Other than the crappy cable routing I love the S2. It's a great bike and I really don't want to get rid of it.

Has anyone switched to Shimano Di2 for this bike? Were you able to route the wires inside the frame?

This looks like my only option if I want to keep the bike even though it will be expensive.

Thanks,

BD


----------



## Nitram (Mar 19, 2011)

Whats the ICS2 stuff mean ? And ICS3 ? I'm also not too impressed with the mushy shifting on my S2 and I'm been thinking about the run of the shifter cables under the bars then in a tight loop up and down into the holes in the top of the frame. It looks to me like a system that is likely to give problems and the dodgy shifting seems a bit predictable.

Has anyone come up with an improvement ?

Cheers,
Nitram


----------



## Doc1911 (May 23, 2012)

Though I have not attempted this from what I understand on the Cervelo forum is that you could use lengths of housing just long enough to extend up through the top tube, add housing splices then housing to the shifters. With the housing being split you can feed cable in at the top tube and no longer have to fight with the down tube stops.

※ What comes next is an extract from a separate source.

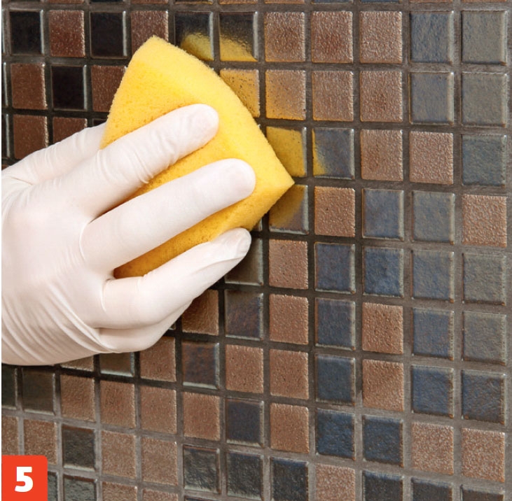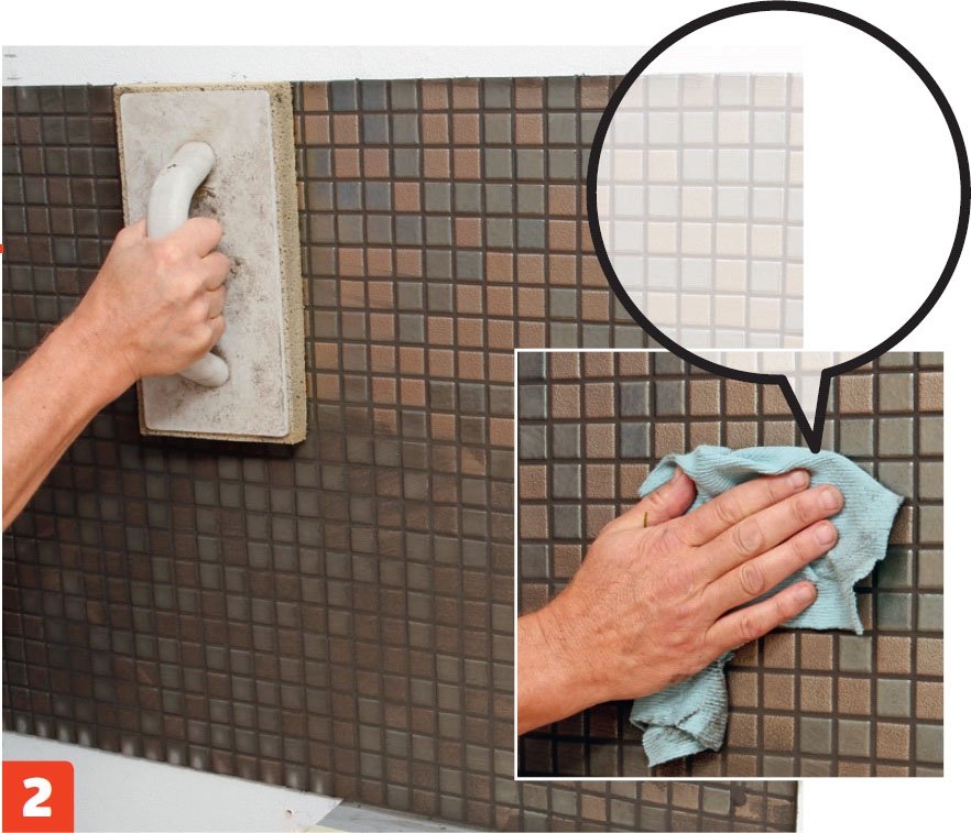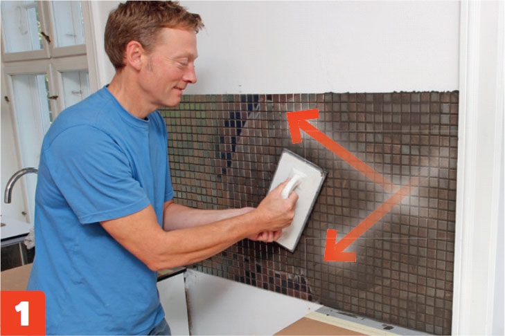 Fugemørtelen trekkes på med et gummibrett med diagonale bevegelser, slik at den kommer helt i bunn. Konsistensen på mørtelen er litt tynnere enn pisket krem.

This may help things ...

ICS2 to ICS3 -



bddbb said:


> Getting pretty fed up with the bad internal cable routing (ICS2) and the poor shifting on my 09 S2.
> 
> Cervelo only used the ICS2 on the 09 S2 and then switched to the ICS3 for 2010.
> 
> ...


----------



## xjbaylor (Dec 28, 2006)

Nitram said:


> Whats the ICS2 stuff mean ? And ICS3 ? I'm also not too impressed with the mushy shifting on my S2 and I'm been thinking about the run of the shifter cables under the bars then in a tight loop up and down into the holes in the top of the frame. It looks to me like a system that is likely to give problems and the dodgy shifting seems a bit predictable.
> 
> Has anyone come up with an improvement ?
> 
> ...


ICS2 and ICS3 are the internal cable routing systems that Cervelo used in 2009, and 2010 on, respectively. ICS2 had internal cable stops accessed through small ports on the down tube, and is a pain in the butt to work on. If you have an S2 or S3 from 2009 (other than the S3 TdF) you have ICS2. If you have a newer bike then you have ICS3. 

I have my ICS2 Cervelo S3 shifting well, but the pressure required to activate the lever is higher than normal. That said, it is accurate and consistent, so I won't complain. Setup was annoying, but really not that hard in the end.


----------